WHAT IS EXPECTED:
Leave out the images; return the rest of the data exactly.

[DATA SECTION Boundary: Start]

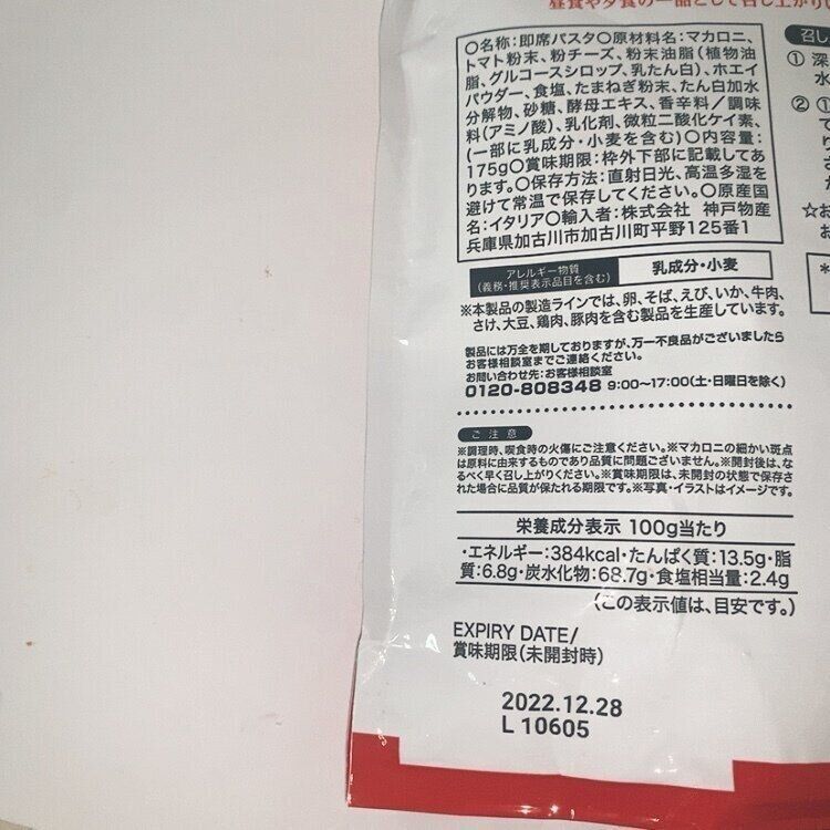 【パケ情報・栄養成分表・賞味期限】
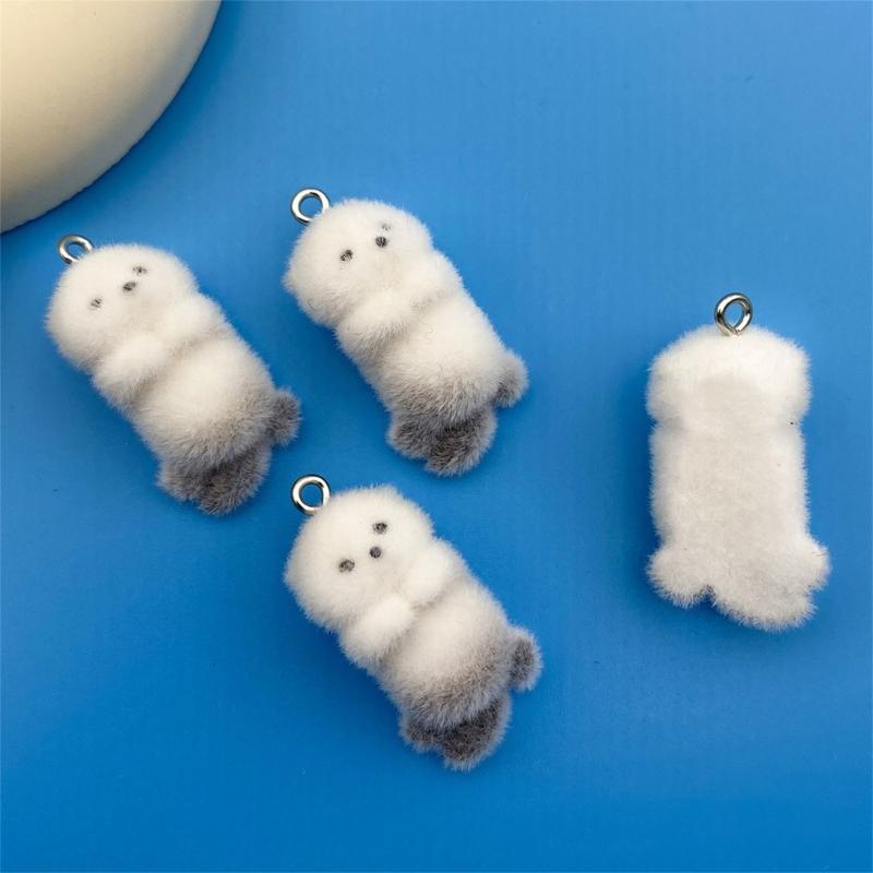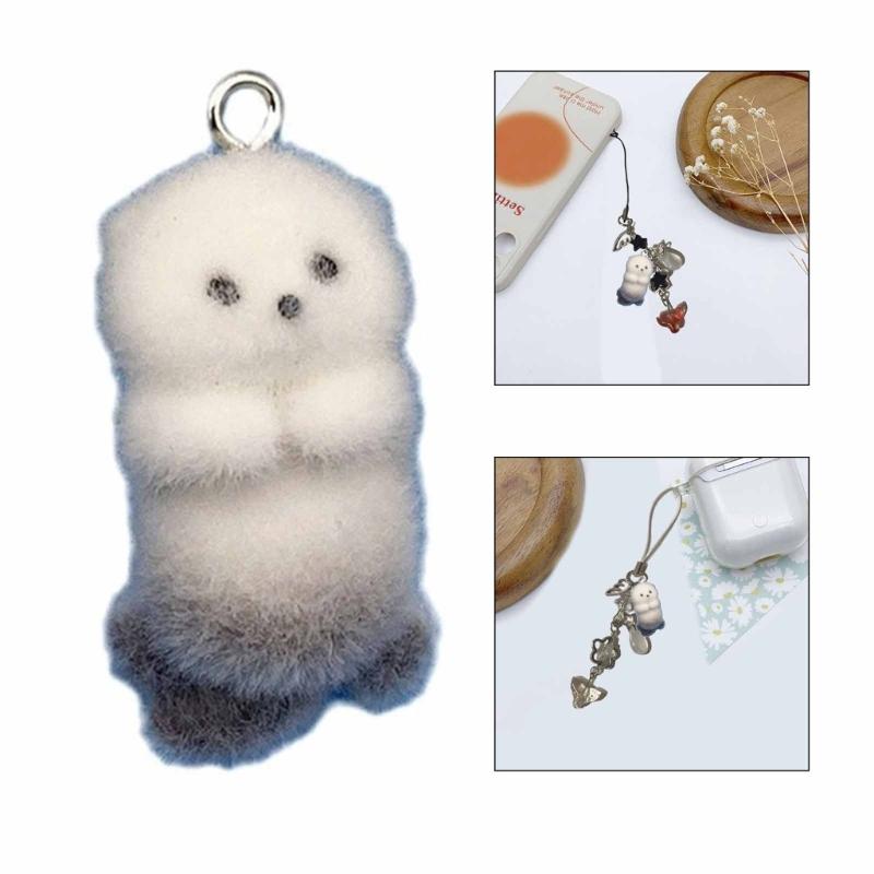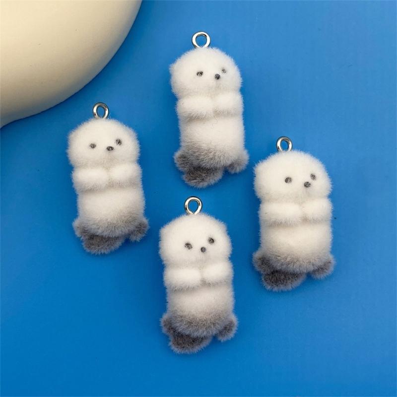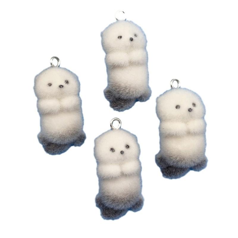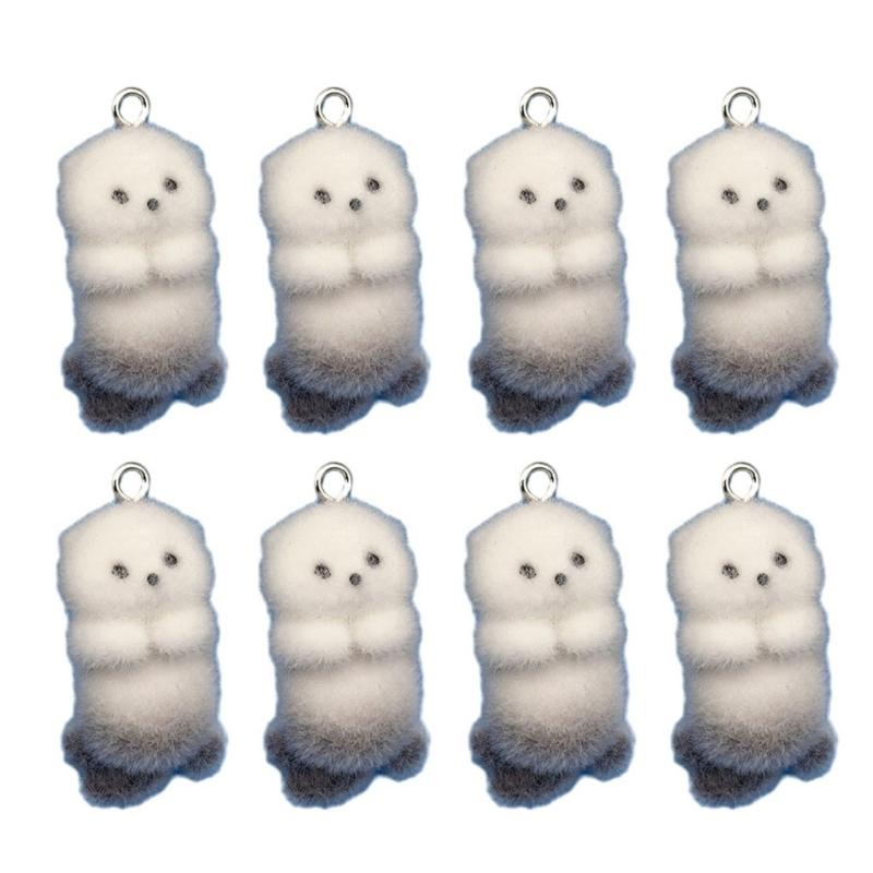 4/8Pieces 3D Flocking Otters Charm Set for Handmade Keychain Jewelry Creation Jewelry Accessories Plastic/Resin Texture
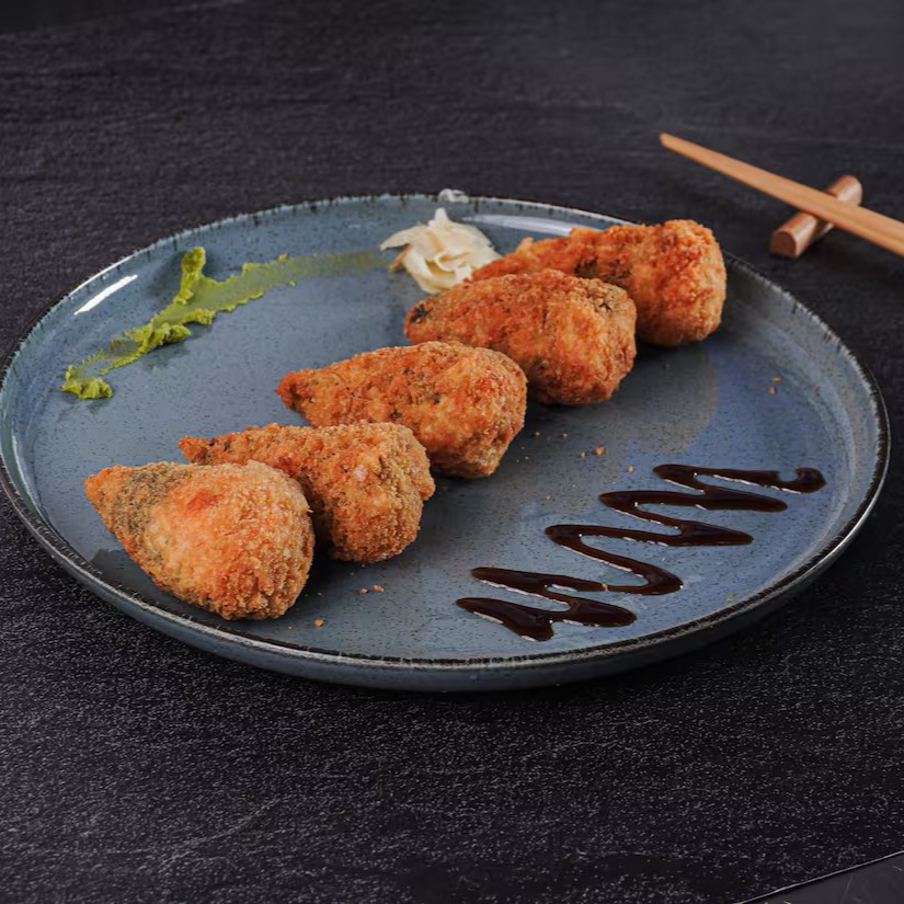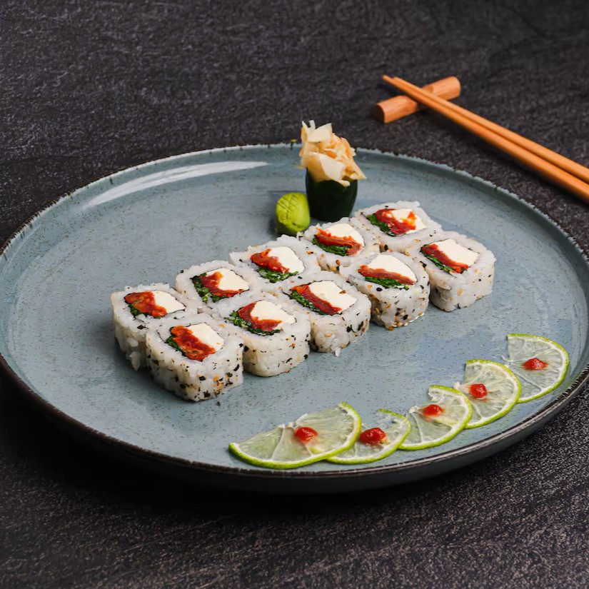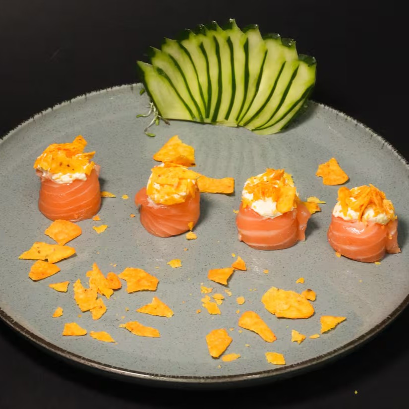 Sushis enrolados e quentinhos, recheados com salmão e cream cheese. Finalizados com cream cheese cremoso e couve crocante por cima.

[DATA SECTION Boundary: End]

YOUR SOLUTION:
 【パケ情報・栄養成分表・賞味期限】
 4/8Pieces 3D Flocking Otters Charm Set for Handmade Keychain Jewelry Creation Jewelry Accessories Plastic/Resin Texture
 Sushis enrolados e quentinhos, recheados com salmão e cream cheese. Finalizados com cream cheese cremoso e couve crocante por cima.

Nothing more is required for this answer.